• Task to complete:
Could you write out, exactly and with no pictures, every line from the one containing "Mini Bell Peppers" through the last line of the entries?

• Dataset excerpts:
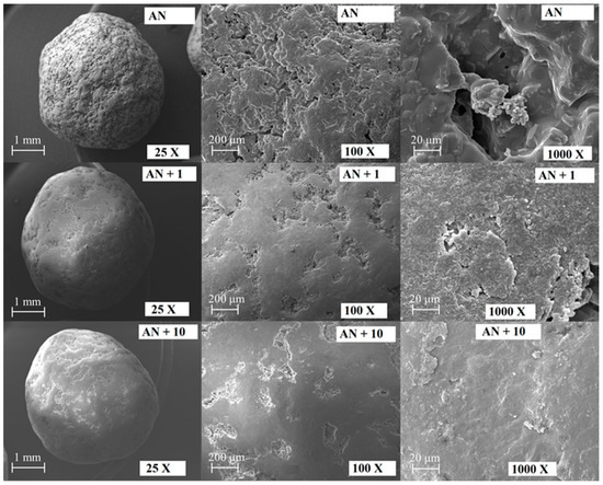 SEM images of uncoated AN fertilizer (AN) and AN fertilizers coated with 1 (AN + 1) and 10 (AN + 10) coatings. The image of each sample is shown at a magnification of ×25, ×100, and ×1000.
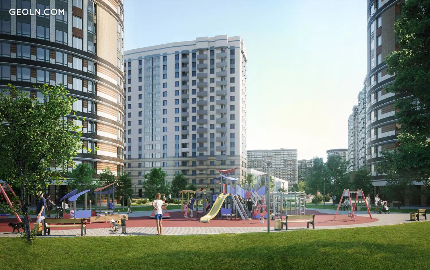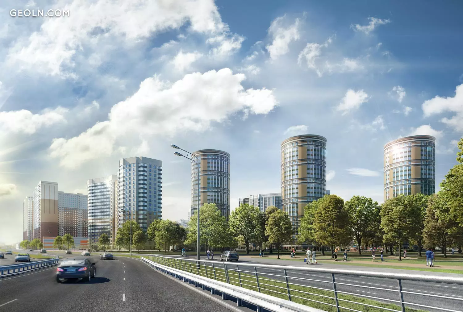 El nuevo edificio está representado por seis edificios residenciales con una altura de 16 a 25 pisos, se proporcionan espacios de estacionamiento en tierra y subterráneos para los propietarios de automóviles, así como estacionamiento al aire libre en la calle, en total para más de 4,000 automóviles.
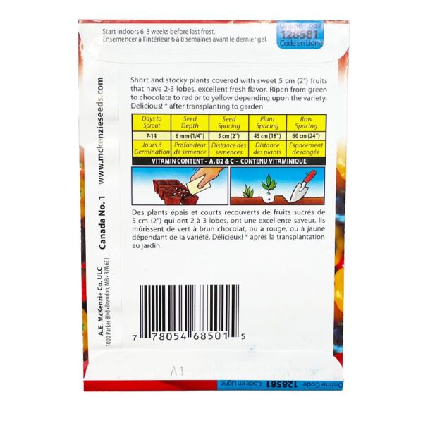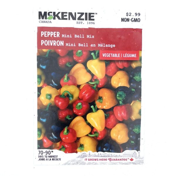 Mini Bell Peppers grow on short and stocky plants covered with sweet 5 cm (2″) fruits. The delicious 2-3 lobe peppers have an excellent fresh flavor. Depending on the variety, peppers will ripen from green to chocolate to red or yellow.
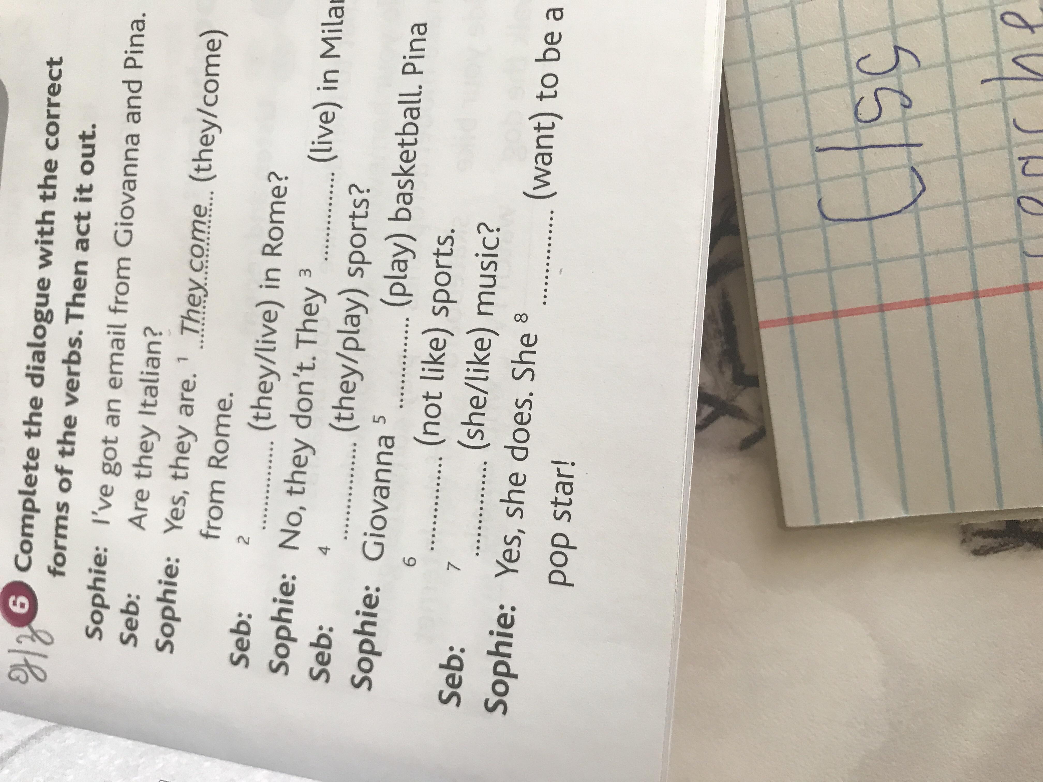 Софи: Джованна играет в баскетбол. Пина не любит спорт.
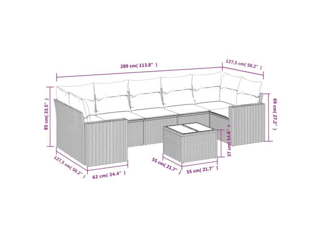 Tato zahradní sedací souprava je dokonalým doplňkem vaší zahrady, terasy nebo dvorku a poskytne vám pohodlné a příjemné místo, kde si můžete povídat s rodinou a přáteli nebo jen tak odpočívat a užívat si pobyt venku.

• Written answer:
 Mini Bell Peppers grow on short and stocky plants covered with sweet 5 cm (2″) fruits. The delicious 2-3 lobe peppers have an excellent fresh flavor. Depending on the variety, peppers will ripen from green to chocolate to red or yellow.
 Софи: Джованна играет в баскетбол. Пина не любит спорт.
 Tato zahradní sedací souprava je dokonalým doplňkem vaší zahrady, terasy nebo dvorku a poskytne vám pohodlné a příjemné místo, kde si můžete povídat s rodinou a přáteli nebo jen tak odpočívat a užívat si pobyt venku.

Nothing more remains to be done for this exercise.